Exercise goal →
Repeat nothing but the line that contains "3rd innings –" and the lines after it, through the end of the listing, exactly as they stand; omit pictures.

Data section →
'''
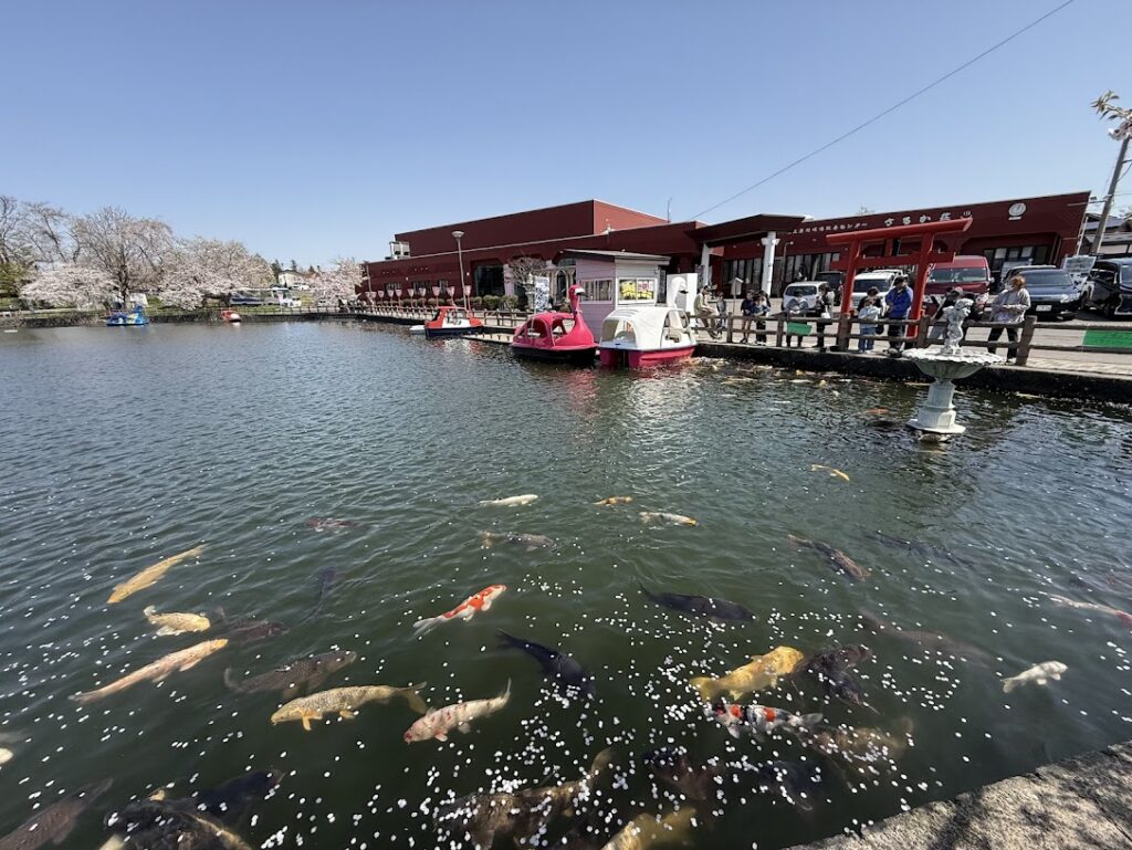猿賀公園にある池にはたくさんの鯉が泳いでいます。餌の自販機があり100円で餌を購入して一掴み池に放り投げると、たちまち色とりどりの鯉たちが集まってきます。すべての鯉にいきわたる様に広範囲にえさを放り投げるのですが、それでも餌にありつけない鯉もいることでしょう。なんとも過酷な生存競争!
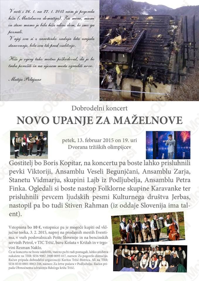 V noči s 26. 1. 2015 na 27. 1. 2015 je pogorela v Podljubelju (občina Tržič) pogorela Maželnova domačija. Hišo je ogenj tako močno poškodoval, da jo bo treba porušiti in na njenem mestu zgraditi novo. V ta namen bo v petek, 13. 2. 2015, ob 19. uri, v Dvorani tržiških olimpijcev organiziran dobrodelni koncert »NOVO UPANJE ZA MAŽELNOVE«.
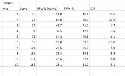 3rd innings – RPW (effective) – the runs per wicket factoring in the lead or deficit at the end of the match 2nd innings, RPW–R is the average runs per wicket (includes not outs) record for the last ten years leading up to the game for the team batting in the third innings, Diff – the difference between RPW and RPW-R.
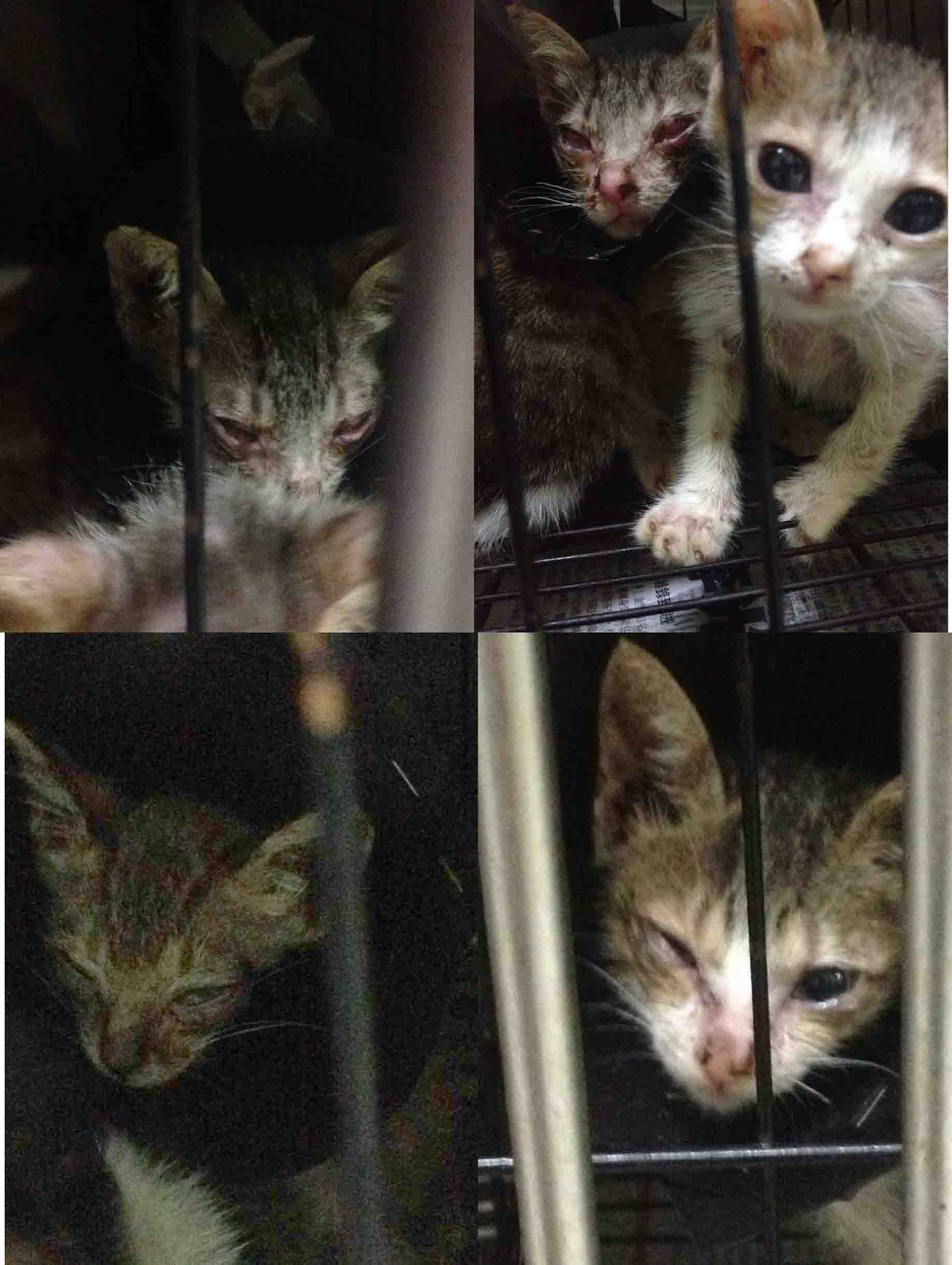 醫生檢查,這些幼貓眼睛是結膜紅腫、有打噴嚏、鼻涕,
'''
Solution for this exercise →
 3rd innings – RPW (effective) – the runs per wicket factoring in the lead or deficit at the end of the match 2nd innings, RPW–R is the average runs per wicket (includes not outs) record for the last ten years leading up to the game for the team batting in the third innings, Diff – the difference between RPW and RPW-R.
 醫生檢查,這些幼貓眼睛是結膜紅腫、有打噴嚏、鼻涕,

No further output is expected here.